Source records
☆ ☆ ☆ ☆
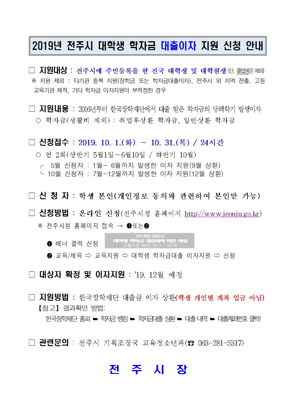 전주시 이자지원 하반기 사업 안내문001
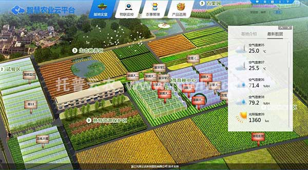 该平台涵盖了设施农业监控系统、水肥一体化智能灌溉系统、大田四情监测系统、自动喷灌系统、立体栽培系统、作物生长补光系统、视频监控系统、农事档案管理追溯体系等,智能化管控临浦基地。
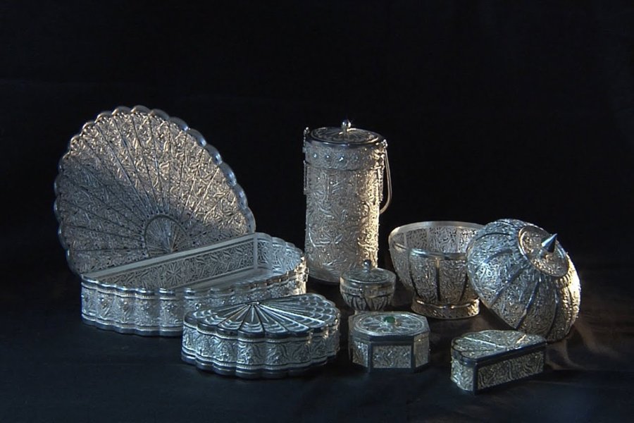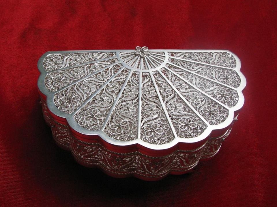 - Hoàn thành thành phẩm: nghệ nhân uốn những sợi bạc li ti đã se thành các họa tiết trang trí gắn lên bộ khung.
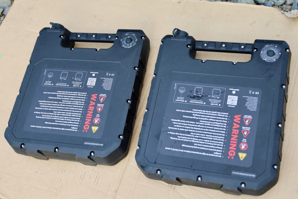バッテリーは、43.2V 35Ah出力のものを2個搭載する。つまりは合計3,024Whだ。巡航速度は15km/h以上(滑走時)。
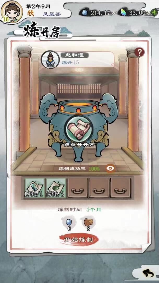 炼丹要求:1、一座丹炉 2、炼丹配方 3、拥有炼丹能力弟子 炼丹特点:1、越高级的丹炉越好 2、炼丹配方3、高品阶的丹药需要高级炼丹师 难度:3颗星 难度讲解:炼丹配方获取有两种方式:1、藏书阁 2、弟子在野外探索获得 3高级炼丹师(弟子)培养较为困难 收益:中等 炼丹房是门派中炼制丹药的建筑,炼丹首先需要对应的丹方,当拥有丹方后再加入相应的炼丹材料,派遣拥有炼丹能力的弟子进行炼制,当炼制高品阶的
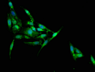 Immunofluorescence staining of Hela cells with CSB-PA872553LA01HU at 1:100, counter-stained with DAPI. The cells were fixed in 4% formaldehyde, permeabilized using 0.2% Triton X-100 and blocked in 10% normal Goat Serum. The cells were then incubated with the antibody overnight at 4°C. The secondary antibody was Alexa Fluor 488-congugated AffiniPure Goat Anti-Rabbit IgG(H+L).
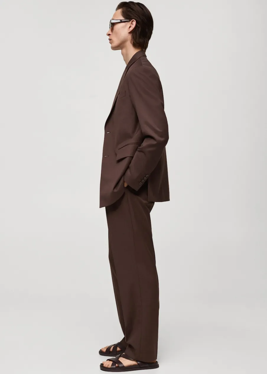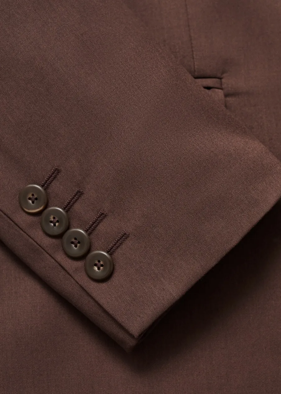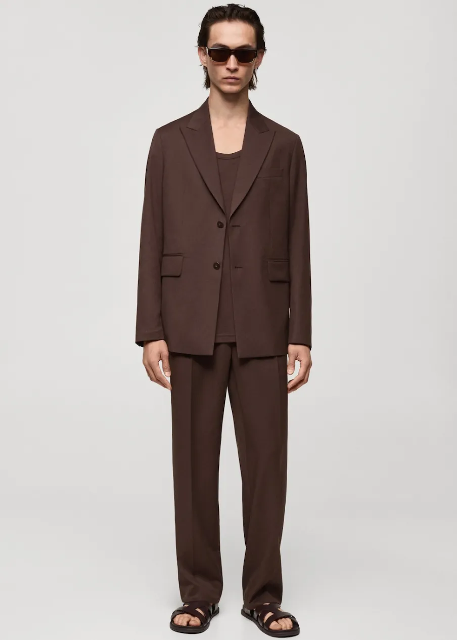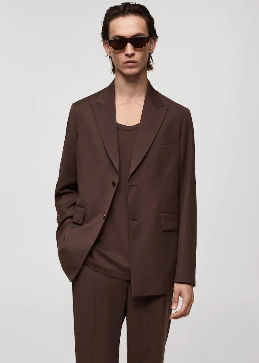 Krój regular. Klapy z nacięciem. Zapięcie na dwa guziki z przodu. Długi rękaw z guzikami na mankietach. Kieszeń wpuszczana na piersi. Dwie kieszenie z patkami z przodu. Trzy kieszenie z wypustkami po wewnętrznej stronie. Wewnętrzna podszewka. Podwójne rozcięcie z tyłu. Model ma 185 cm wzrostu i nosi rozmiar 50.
☆ ☆ ☆ ☆
Repeat the data above exactly, images excluded.

OUTPUT FOR THIS EXERCISE:
 전주시 이자지원 하반기 사업 안내문001
 该平台涵盖了设施农业监控系统、水肥一体化智能灌溉系统、大田四情监测系统、自动喷灌系统、立体栽培系统、作物生长补光系统、视频监控系统、农事档案管理追溯体系等,智能化管控临浦基地。
 - Hoàn thành thành phẩm: nghệ nhân uốn những sợi bạc li ti đã se thành các họa tiết trang trí gắn lên bộ khung.
バッテリーは、43.2V 35Ah出力のものを2個搭載する。つまりは合計3,024Whだ。巡航速度は15km/h以上(滑走時)。
 炼丹要求:1、一座丹炉 2、炼丹配方 3、拥有炼丹能力弟子 炼丹特点:1、越高级的丹炉越好 2、炼丹配方3、高品阶的丹药需要高级炼丹师 难度:3颗星 难度讲解:炼丹配方获取有两种方式:1、藏书阁 2、弟子在野外探索获得 3高级炼丹师(弟子)培养较为困难 收益:中等 炼丹房是门派中炼制丹药的建筑,炼丹首先需要对应的丹方,当拥有丹方后再加入相应的炼丹材料,派遣拥有炼丹能力的弟子进行炼制,当炼制高品阶的
 Immunofluorescence staining of Hela cells with CSB-PA872553LA01HU at 1:100, counter-stained with DAPI. The cells were fixed in 4% formaldehyde, permeabilized using 0.2% Triton X-100 and blocked in 10% normal Goat Serum. The cells were then incubated with the antibody overnight at 4°C. The secondary antibody was Alexa Fluor 488-congugated AffiniPure Goat Anti-Rabbit IgG(H+L).
 Krój regular. Klapy z nacięciem. Zapięcie na dwa guziki z przodu. Długi rękaw z guzikami na mankietach. Kieszeń wpuszczana na piersi. Dwie kieszenie z patkami z przodu. Trzy kieszenie z wypustkami po wewnętrznej stronie. Wewnętrzna podszewka. Podwójne rozcięcie z tyłu. Model ma 185 cm wzrostu i nosi rozmiar 50.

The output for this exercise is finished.